Using TripIt to connect a generation of jetsetters

By the end of my semester in Milan, I will have visited 18 different cities in 10 different countries. It has been an insane amount of travel, but it is only the extreme case of a larger, much more pervasive trend in my life – in our lives.

Even in my normal life, I am constantly on the move. Home is Chicago. School is Los Angeles. Summers are Shanghai, New York, San Francisco. Week-long trips to Nicaragua, Panama, and so on. And I’m not the only one – my friends are equally mobile. The 200 students who made up my high school class have scattered across the country, and are now floating around the world.

This creates two simple desires:

  1. When I get wherever I’m going, I want to know if any of my friends are there.
  2. If my friends have been where I’m going, I want to know what they thought.

Of course, I’m not the first person to recognize these desires. There have been a deluge of startups dedicated to solving these problems. Arrived, a startup that I have watched excitedly for months, just launched and is tackling the first desire. During my travels, I have tried Trippy with some success, though it seems to require too much effort from the recommender when addressing the second desire. The latest I’ve seen, TripBirds, is set to launch soon and will be joining me at LeWeb.

But these startups are missing something very powerful, and that is my favorite travel app of all: TripIt.

Using TripIt is a wonderfully simple process:

  1. I book a travel arrangement, like a flight, train ride, or hotel stay, and then forward the confirmation email to TripIt.
  2. TripIt translates the email into an event, which is automatically imported into my iCal (or other calendar), including confirmation numbers, seat numbers, etc.
  3. When I travel, I have the information at my fingertips exactly when I need it.

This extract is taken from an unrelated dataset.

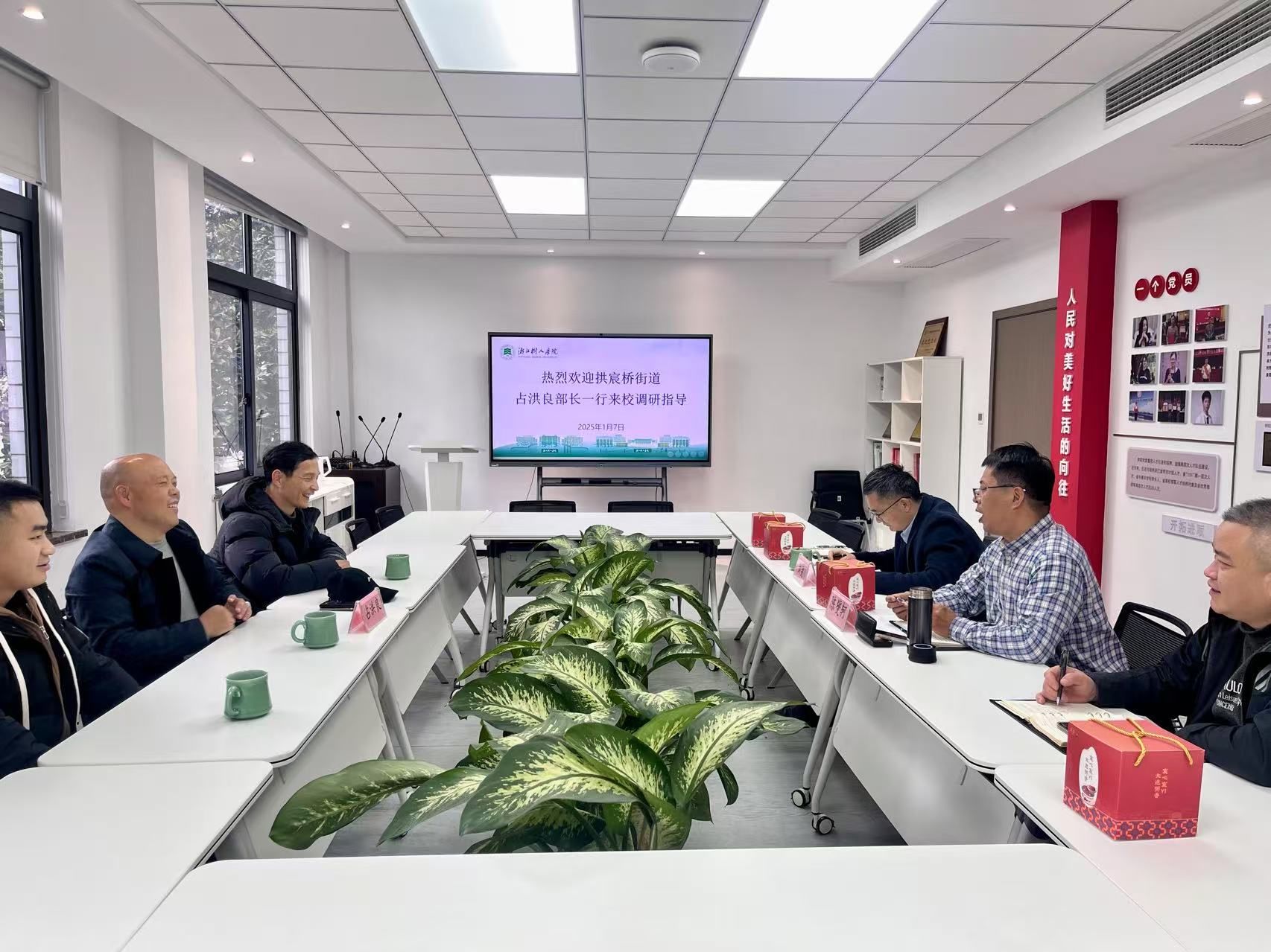 1月7日下午,拱宸桥街道人武部占洪良部长一行来校调研交流,校人武部部长陈燮轲、副部长刘斐热情接待了一行。

TripIt is the most powerful travel application that I’ve seen, and it isn’t just because it has made my travel so much more convenient. It’s because TripIt has data, on the city/region level, of where I am and where I’m going.

Of course, these days Facebook has a lot of the same information, and it is Facebook that drives Arrived, Trippy, and TripBirds. Facebook, with a user base exceeding 550mm users, is obviously a gargantuan source of data as well. But TripIt distinguishes itself by automatically collecting predictive data on where their users will be. Plus, its information is more complete; in my case, TripIt knows a lot about every time I make a major move.

In other words, TripIt has data on the future. What a great basis for making plans! Sure, it’s not as big as Facebook, but it represents an extremely valuable additional layer of data.

I want to spend more time learning about TripIt and the data available through its open API. I’ve contacted TripBirds already about the possibility of adding TripIt (currently, they have Facebook, Foursquare, Instagram, and Gowalla), but more broadly, if anyone is building tools for travelers, take a moment to think about TripIt – and get in touch with me, because I would love to help you think through it.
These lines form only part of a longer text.